Ramjet#
Single-node Rust service that consumes the ATProtocol firehose, persists records for tracked collections in fjall (pure-Rust LSM-tree), and re-emits events via WebSocket fan-out with priority ordering.
Motivation#
ATProtocol applications often need a mix of precisely tracked collections and best-effort network-wide intake. Ramjet solves this with separately configured tracked and forwarded collection sets:
- Tracked collections are persisted to storage and emitted on the high-priority fan-out channel — these are the records your application depends on for correctness.
- Forwarded collections are emitted on the low-priority fan-out channel without being persisted — useful for analytics, search indexing, or other consumers that want broad visibility without the storage cost.
For example, Lexicon Garden needs accurately tracked lexicon schema and AppView-specific collections, but also wants all records for analytics. Smoke Signal similarly tracks event, RSVP, profile, and location records from different collections explicitly, while still consuming the full network stream.

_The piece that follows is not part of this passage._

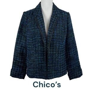 Chico’s Blue & Black Textured Tweed Academia Jacket Blazer NWOT Size 8

Both collection configurations can be updated at runtime, and the admin API supports on-demand backfill and resync operations for any repository — making it straightforward to add new tracked collections and catch up on historical data.
Quick start#
cargo build --release
cargo run --release -- \
--db-path /var/lib/ramjet/data \
--listen-addr 0.0.0.0:8080 \
--relay-host bsky.network \
--tracked-collections "app.bsky.feed.*" \
--forward-collections "app.bsky.**"
Configuration#
All options are available as CLI flags or environment variables.

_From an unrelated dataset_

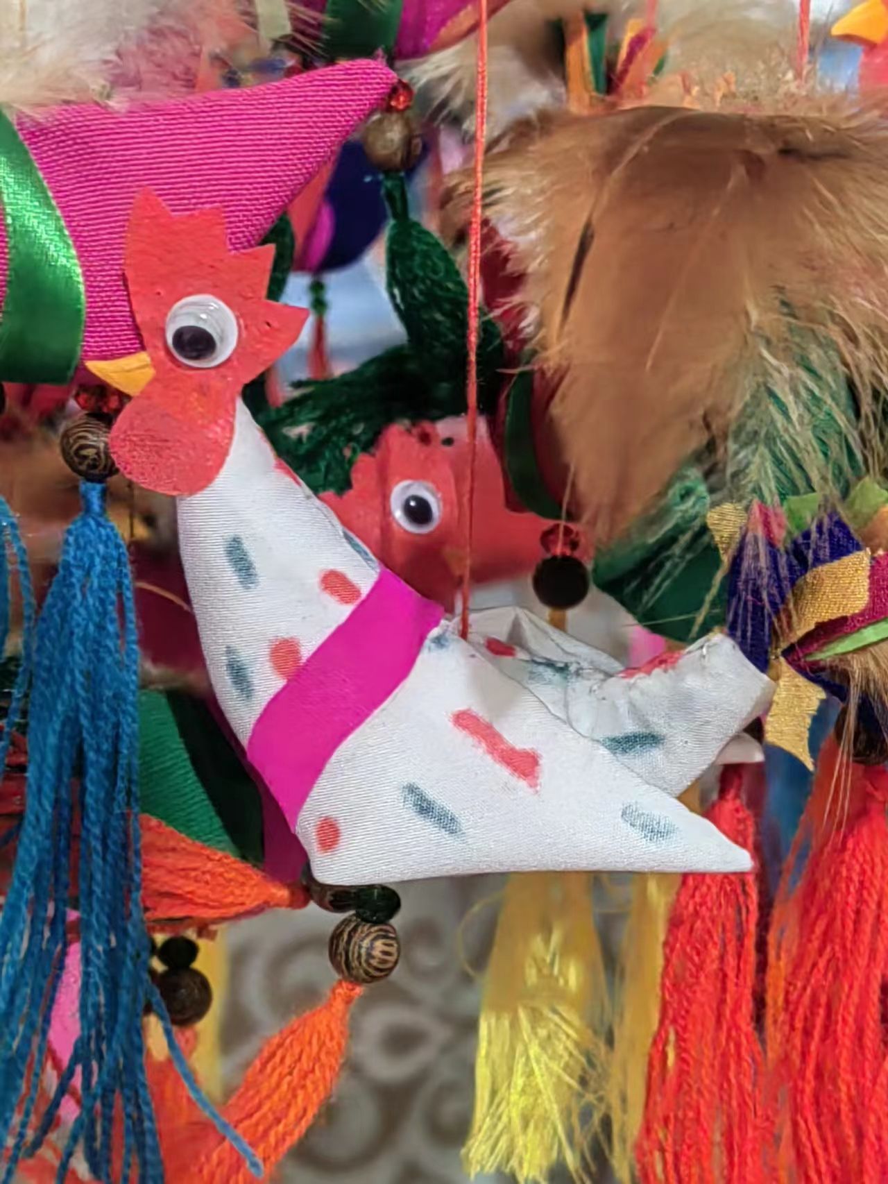 Ren Zhenlan not only adheres to the old traditions in sewing spring chickens but also innovates new sewing techniques.She has made several improvements to the craftsmanship of spring chickens:firstly,by adding a pair of wings to make them more lifelike;secondly,by separately sewing the beaks of the chickens instead of cutting them out together with the crest,as the traditional method often resulted in soft beaks that deformed easily.Ren Zhenlan found yellow fabric,cut and folded it,used starch to stiffen it,and then let it dry,creating a pointed yellow beak.Thirdly,she uses real chicken feathers for the tails of the chickens,which she collects from her brother's chicken farm.After washing and drying them,she attaches them to the chickens'bodies.With their tails held high,the chickens look lively and spirited.

| Flag | Env | Default | Description |
|---|---|---|---|
--db-path |
RAMJET_DB_PATH |
./data/ramjet.db |
fjall database directory |
--listen-addr |
RAMJET_LISTEN_ADDR |
0.0.0.0:8080 |
HTTP listen address |
--relay-host |
RAMJET_RELAY_HOST |
bsky.network |
Firehose relay hostname |
--tracked-collections |
RAMJET_TRACKED_COLLECTIONS |
* |
Collections to persist (space-separated patterns) |
--forward-collections |
RAMJET_FORWARD_COLLECTIONS |
* |
Collections to forward via WebSocket only |
--event-retention-hours |
RAMJET_EVENT_RETENTION_HOURS |
72 |
Hours to retain events |
--batch-size |
RAMJET_BATCH_SIZE |
500 |
Ingester batch size |
--batch-timeout-ms |
RAMJET_BATCH_TIMEOUT_MS |
100 |
Batch flush timeout (ms) |
--admin-dids |
RAMJET_ADMIN_DIDS |
(empty) | Comma-separated admin DIDs for protected endpoints |
--zstd-dict-path |
RAMJET_ZSTD_DICT_PATH |
(none) | Path to zstd dictionary for event compression |
--backfill |
RAMJET_BACKFILL |
(empty) | Comma-separated DIDs to backfill on startup |
--consumer-group |
RAMJET_CONSUMER_GROUPS |
(empty) | Consumer group definitions (name:partitions, comma-separated) |
Collection patterns#
*— match all collectionscom.example.feed— exact NSID matchcom.example.*— single-segment wildcard (matchescom.example.feedbut notcom.example.feed.like)com.example.**— glob wildcard (matchescom.example.feed,com.example.feed.like, etc.)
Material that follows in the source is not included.